Two employees of state-owned Russian TV channel Russia-1, entering Estonia on French and Italian Schengen visas, used hidden cameras to gather material they then used to ridicule and demonise Jehovah's Witnesses. The Estonian Ministry of the Interior reacted by issuing a five-year entry ban, the ISS writes in its annual review.
As the ISS writes in its review, trying to influence society by means of harassing different minorities is an integral part of the Kremlin's playbook. Jehovah's Witnesses are "persecuted and outlawed in Russia," the service writes, and many of them have made their way to Europe to be able to freely practice their faith.
The Russian state media occasionally make efforts to come up with an explanation for this fact. This typically includes reports where members of this religious minority are taunted, ridiculed and demonised.

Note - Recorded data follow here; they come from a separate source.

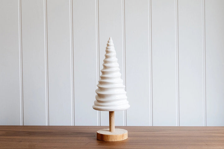 Onze witte keramische kerstboom met houten stam is het perfecte middelpunt voor jouw kerstdecor. De stam en keramische top zijn los van elkaar te gebruiken, waardoor je de boom eenvoudig kunt stylen zoals jij dat wilt. Op de schouw, in een kerststuk of als subtiele eyecatcher op tafel; dit ornament brengt direct een vleugje feestelijke charme in huis.
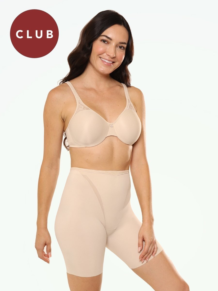Your new shapewear BFF, this Maidenform Firm Foundations Thigh Slimmer is the perfect companion under workout gear and any skintight dress. Stay cool in a breezy fabric that always moves with you. Targets your tummy, waistline, rear and thighs for an hour glass figure without ever squeezing or digging in. Smooth, seamless, and comfortably confident.
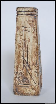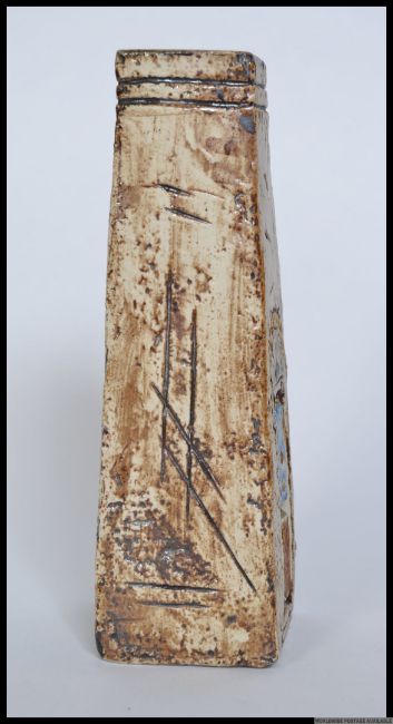 An original Troika pottery coffin vase with textured brown ground, domino embossed design to one side & arch design to the other bearing the monogram for Honor Curtis (HC) - 1969 to 1973. 17cm tall
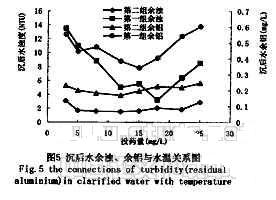 由圖5得到,在水溫較高時(shí),最佳投藥量小,沉后水濁度、余鋁都較低;而當(dāng)水溫降低時(shí),最佳投藥量大,對(duì)應(yīng)于最佳投藥量的沉后水濁度和鋁的去除率都較低,特別是鋁的去除率僅為20~30%,在投藥量過(guò)大或過(guò)小時(shí),甚至?xí)霈F(xiàn)沉后水中的含鋁量大于原水中的含鋁量。這種情況的出現(xiàn)是由于混凝狀況不好,鋁鹽的投入增加了水中鋁的濃度,盡管低溫時(shí)鋁的溶解度降低、溶解鋁占的比重較小,但是相當(dāng)多的顆粒鋁伴隨較多的殘留濁度成分而留在了水中。而且低溫情況下最佳投藥量的范圍較窄,對(duì)投藥的準(zhǔn)確性要求增加。所以對(duì)于含鋁量較高的低溫原水,對(duì)鋁的去除難度較高,很容易超標(biāo),應(yīng)引起注意。

To collect material for such a report, Russia-1 reporters Yelena Yerofeyeva and Pavel Kostrikov entered Estonia last year coming in from Finland. The two entered the Schengen Area on French and Italian visas, the ISS writes.
Yerofeyeva and Kostrikov then entered a gathering of Jehovah's Witnesses in Tallinn without telling them who they are, and what they are planning to do. The material they gained at this gathering as well as at another, similar one in Finland was then used for Russia-1's news programme, Vesti, and aired on 29 November 2018.
The program ridiculed the group, to which the Estonian Ministry of the Interior reacted by imposing a five-year entry ban for the entire Schengen Area on both Yerofeyeva and Kostrikov.
Their acts "have the characteristics of religious discrimination against persons," the ISS writes, which "may develop into incitement of hatred as defined in Section 151 of the Estonian Penal Code" and gives Estonian authorities reason to keep them out of the country to prevent conflict and crime.
Jehovah's Witnesses as a religious group already suffered from repression in Soviet times. That the Kremlin continues to harass this minority represents a continuation of Soviet policy in today's Russia, namely one under "which the media carries out hostile influence operations under precise instructions from the authorities, with the aim of creating divisions between different social groups and inciting conflict," the ISS writes.